Civacir, a
hepatitis C immune globulin or antibody product, reduced the likelihood of
hepatitis C virus infecting the new liver graft after transplantation in people who were receiving, but had not yet completed, antiviral treatment,
according to preliminary study findings presented at the European
Association for the Study of the Liver (EASL) 50th International
Liver Congress last month in Vienna, Austria.
Without treatment, hepatitis C virus
(HCV) almost always infects the donor liver after a transplant, and recurrence is the
leading cause of graft loss and liver disease progression. Effective
direct-acting antiviral therapy that leads to sustained virological response
can prevent reinfection, but people receiving antiviral treatment at the time
of transplantation remain at risk.
Norah Terrault of
the University of California at San Francisco and colleagues are conducting an
ongoing randomised phase 3 study (NCT01804829) to evaluate hepatitis C immune globulin (HCIG or Civacir) for prevention of post-transplant HCV recurrence. Civacir, being developed by Biotest
Pharmaceuticals, is a human immune globulin product derived from
hundreds of screened blood donors with high HCV antibody levels. Use of
multiple donors increases antibody diversity and improves its activity against
a variety of HCV strains.
Glossary
- globulins
Proteins
found in the blood and cerebrospinal fluid.
This preliminary analysis, presented as a
late-breaking poster, included 63 people with hepatitis C with advanced liver
disease on the transplant waiting list, enrolled as of late January 2015. More
than 80% were men, most were white and the mean age was 61 years. Most (93%)
had HCV genotype 1, with the rest having genotypes 2 or 3. The median MELD
score was 19, the median Child-Pugh score was 7 and 77% had hepatocellular
carcinoma. People with hepatitis B co-infection and those getting HCV-infected
liver grafts were excluded.
Participants could be taking any antiviral regimen
that resulted in HCV RNA <100 IU/ml within 4 weeks prior to transplantation.

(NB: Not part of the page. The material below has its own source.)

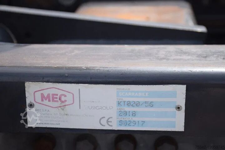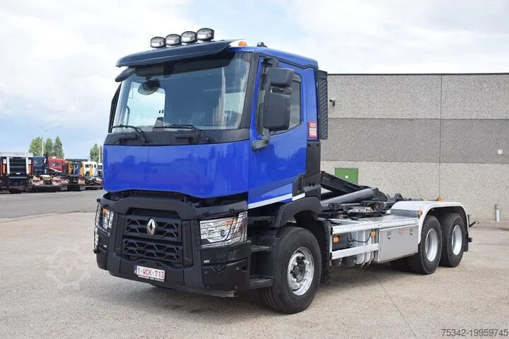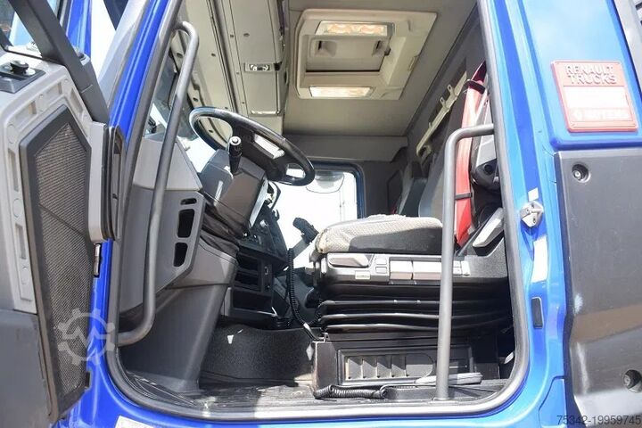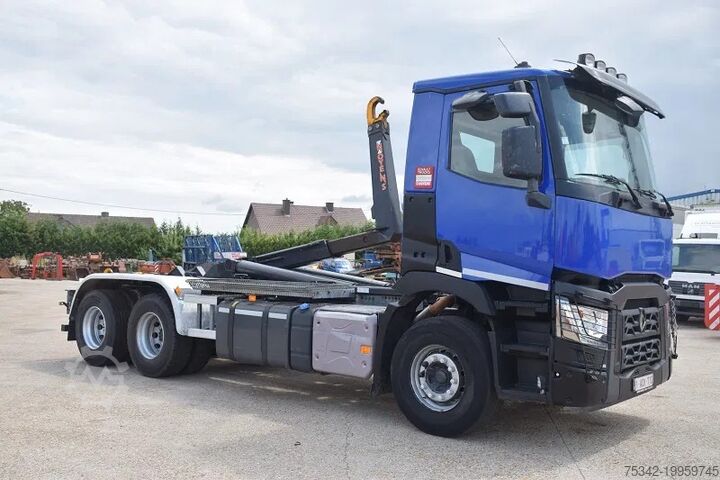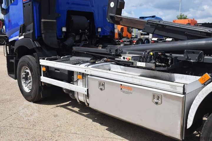 Used Renault truck equipped with a Busi Group MEC KT020/56 hooklift system. This truck features a towing axle, twin rear wheels, air conditioning, and a reinforced engine brake.

More than 90% received regimens containing sofosbuvir (Sovaldi), including 63% taking sofosbuvir plus ribavirin and 21%
taking sofosbuvir plus simeprevir (Olysio);
the rest used various interferon-containing regimens.
Treatment had been ongoing for a median of 64 days,
or just over 9 weeks, at the time of transplantation; nearly half had not yet
received the full typical 12-week course of sofosbuvir and none had received
the 24-week course recommended for harder-to-treat patients. Fifteen per cent had detectable
HCV viral load at the time of transplantation.
Participants in this open-label study were
randomly assigned to receive either 200 or 300mg/kg HCIG or else
standard-of-care treatment (antivirals only). Those assigned to HCIG received sixteen
infusions around the time
of transplantation and immediately thereafter for 10 weeks.
Preliminary
results showed that only one out of 21 patients (5%) in the HCIG 300mg/kg arm
experienced HCV reinfection after transplantation. Seven out of 22 people (32%)
in the HCIG 200mg/kg arm and six out of 20 patients (30%) in the control arm experienced
reinfection, indicating that the lower dose performed no better than not using
HCIG at all. Five out of nine patients (55%) who had detectable HCV viral load
in the 200mg/kg and control arms experienced HCV recurrence.
Anti-HCV
antibody titres remained elevated (around 1.5- to 2-fold higher) in the 300mg/kg HCIG arm relative to the 200mg/kg and control arms, indicating ongoing
protection over the course of the study.
HCIG was
generally safe and well-tolerated, with no drug-related serious adverse events
seen to date. Nine people discontinued treatment early, including three due to
adverse events. The most frequently reported adverse events were related to
underlying liver disease, surgery-associated events and symptoms such as fever known
to be associated with use of human immune globulins.
"These
preliminary results suggest that Civacir 300mg/kg can increase the proportion
of patients on pre-liver transplantation antiviral therapy achieving prevention
of HC recurrence post-liver transplantation," the researchers concluded.
They added that
this evaluation justified continuing enrolment in the 300mg/kg arm, but not in
the 200mg/kg low-dose arm, which has been closed.